High court turns down SC officer’s appeal in shooting case

June 5, 2019
FILE - In this Nov. 29, 2016 file photo, former North Charleston police officer Michael Slager testifies during his murder trial at the Charleston County court in Charleston, S.C. The U.S. Supreme Court has declined to hear the appeal of Slager, who was sentenced to 20 years in federal prison in the shooting death of an unarmed motorist who was running away from a traffic stop. In a notice issued Monday, June 3, 2019, the high court turned down the case from Slager. (Grace Beahm/Post and Courier via AP, Pool, File)
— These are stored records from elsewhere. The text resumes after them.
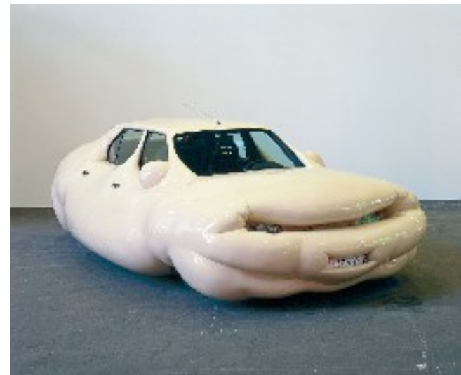
Erwin Wurm, Fat car , 2001, Mixmédià, 130 / 265 / 480 cm
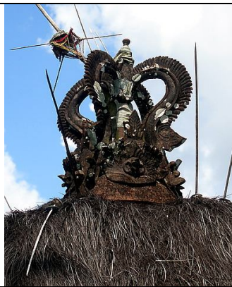
Gambar 17. Murdha dengan elemen lengkung
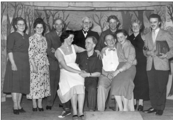
Dilettantforestilling i forsamlingshuset 1960
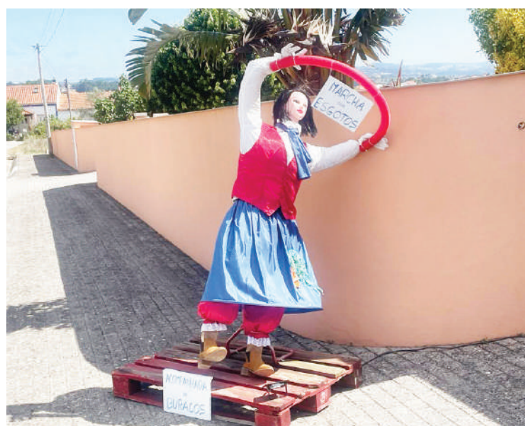
“Espanta Festival” em Valado de Santa Quitéria

Esta “arte rural” culmina com a entrega de prémios aos autores dos espantalhos mais criativos. Os prémios vão ser entregues no dia 25 de agosto, no dia de Santa Quitéria, depois da missa e da procissão.

COLUMBIA, S.C. (AP) — The U.S. Supreme Court has declined to hear the appeal of a former South Carolina policeman sentenced to 20 years in federal prison in the shooting death of an unarmed motorist who was running away from a traffic stop.

In a notice issued Monday, the high court turned down the case from Michael Slager. The former North Charleston police officer was sentenced in 2017 after pleading guilty to a civil rights violation in the shooting death of Walter Scott.

Scott had broken away from the white North Charleston police officer in 2015 and was running away when Slager fired eight bullets from his service weapon, striking the 50-year-old Scott five times in the back. The shooting, captured on a bystander’s cellphone and shared around the world, was seen by many as an example of police officers mistreating African Americans, and the case became a rallying cry for the Black Lives Matter movement.

Slager’s lawyer argued that the officer acted in self-defense and got carried away but never had any “racial animus” toward minorities. Still, Slager pleaded guilty in federal court to violating Scott’s civil rights. As part of a plea agreement, prosecutors agreed to drop state murder charges that still lingered after a first state proceeding ended in a mistrial when a jury couldn’t agree whether he had committed a crime.

Slager’s lawyers appealed his federal conviction and sentence, but the 4th U.S. Circuit Court of Appeals ruled that a trial judge “committed no reversible error” in the case.

Slager’s appellate attorney did not immediately return a message seeking comment Wednesday.